Happy (Anti-) Mother’s Day

Tour Dorothy Parker’s haunts—then lunch

This article was published in the May 14, 2007, edition of The New York Observer.

Dorothy Parker wasn’t exactly blessed with mothering instincts, but she did understand this fundamental truth: “The best way to keep children home is to make the home atmosphere pleasant,” she once said, “and let the air out of the tires.” So it’s apt that this Mother’s Day, Kevin Fitzpatrick, founder and president of the Dorothy Parker Society of New York, will lead a two-hour tour of the quippy anti-mummy’s Vicious Circle haunts. More than 40 destinations are included. Among them: speakeasies along West 49th Street, pal Alexander Woollcott’s Hell’s Kitchen home and the famed Algonquin Hotel, where Parker earned a most unmotherly reputation for breakneck barbs and boozing with the boys. Parker, of course, never became a mother. (Her own mother died just shy of Dorothy’s fifth birthday, and her stepmother died when she was 9.) The other ladies of the Algonquin Round Table were likewise amaternal. Writer Ruth Hale had a child, “but she was nutty,” Mr.
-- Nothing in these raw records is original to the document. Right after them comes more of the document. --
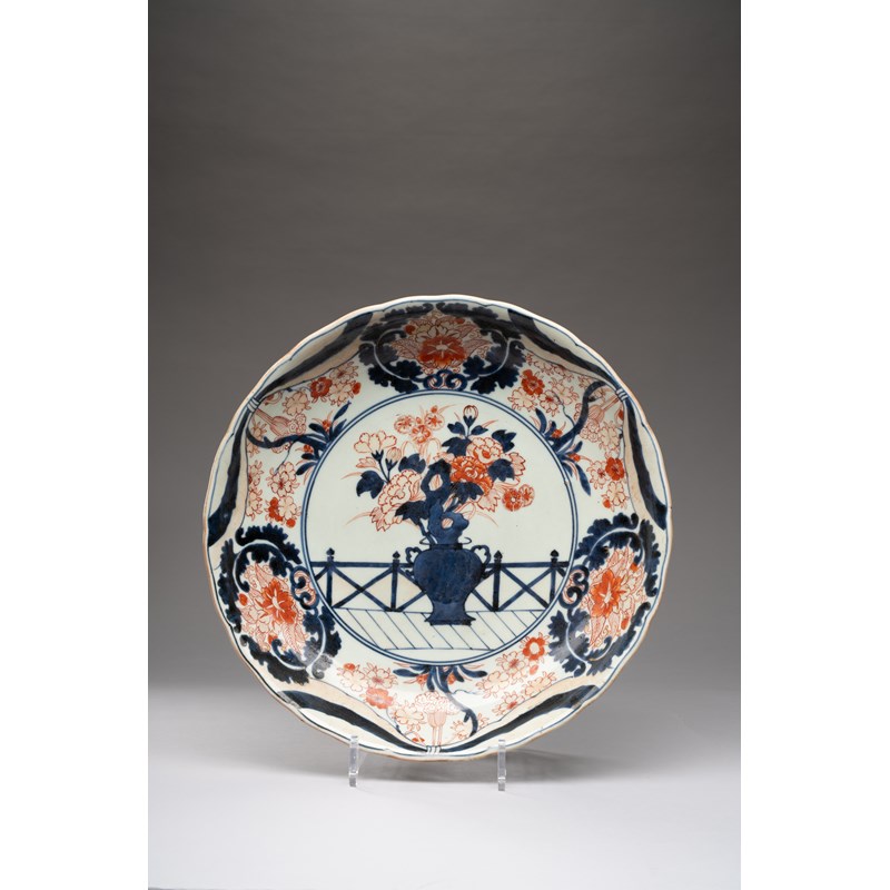 Typically painted in underglaze blue, gilt, red and orange enamels, the well decorated with a large vase of flowers by a fence, the cavetto and rim with a wide border of flowers, stylised leaves, and tasselled curtains, the underside with three sprays of chrysanthemum, prunus and peony, 34cm.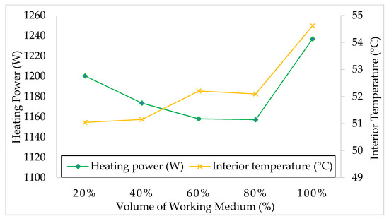 Figure 10 shows the results of heat transfer by means of a loop thermosiphon, the evaporating part of which was loaded with a simulated heat of 1500 W from electrical resistance bodies. The analysis of the results showed that the cooling device removed heating power in the range of 1157–1236 W with an average value of 1185 W and an average operating temperature inside the electrical enclosure in the range of 51–54.6 °C at all investigated volumes of working medium. In terms of power dissipation to the environment, no dependence of the effect of the amount of working fluid in the evaporator was observed. From the point of view of the temperature in the interiors of the cabinet, it can be stated that at a volume of 100%, the temperature was significantly higher than at a volume of the working substance in the range of 20–80%. The best result was obtained with a working medium amount of 20%, when the cooling system removed a heating power of 1200 W from the electrical enclosure and the average operating temperature inside the electrical enclosure reached 51 °C.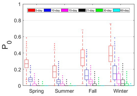 Rate of cumulative time series having zero values in all seasons for each time-scale (5 day, 10 day, 15 day, 21 day, 30 day, and 60 day) in the entire region.
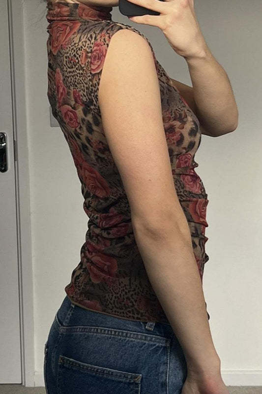 Contrast Print High Neck Blouse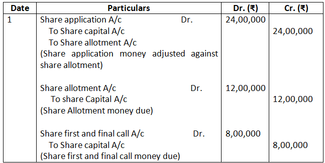 Application were received for 1,60,000 shares. Allotment was made on pro-rata basis. Excess money on application was adjusted against the amount due on allotment.
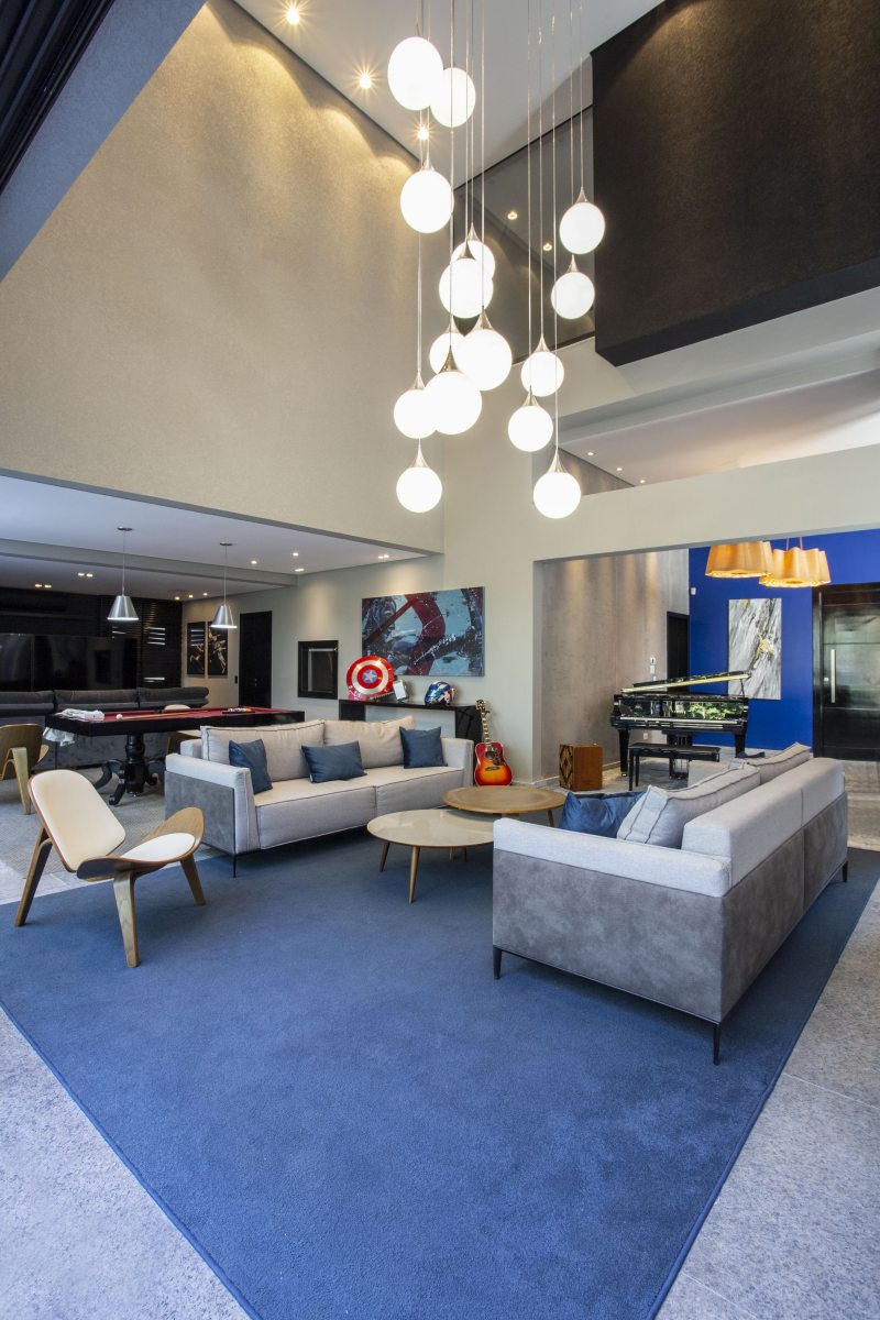 A área social com projeto da Villarq Arquitetura poderia facilmente ser o lar de um super-herói dos quadrinhos ou o cenário de um filme de espionagem.

Fitzpatrick said. “I can’t think of too many good moms on the table.” The tour concludes with an optional meal at the hotel. Perhaps you won’t gather tips on raising the next Super Kid, but the luncheon does have one perk. “Sitting there,” said Mr. Fitzpatrick, “just makes you funny.”

Algonquin Round Table Walking Tour, Sunday, May 13, Algonquin Hotel lobby, 59 West 44th Street, 11:45 a.m.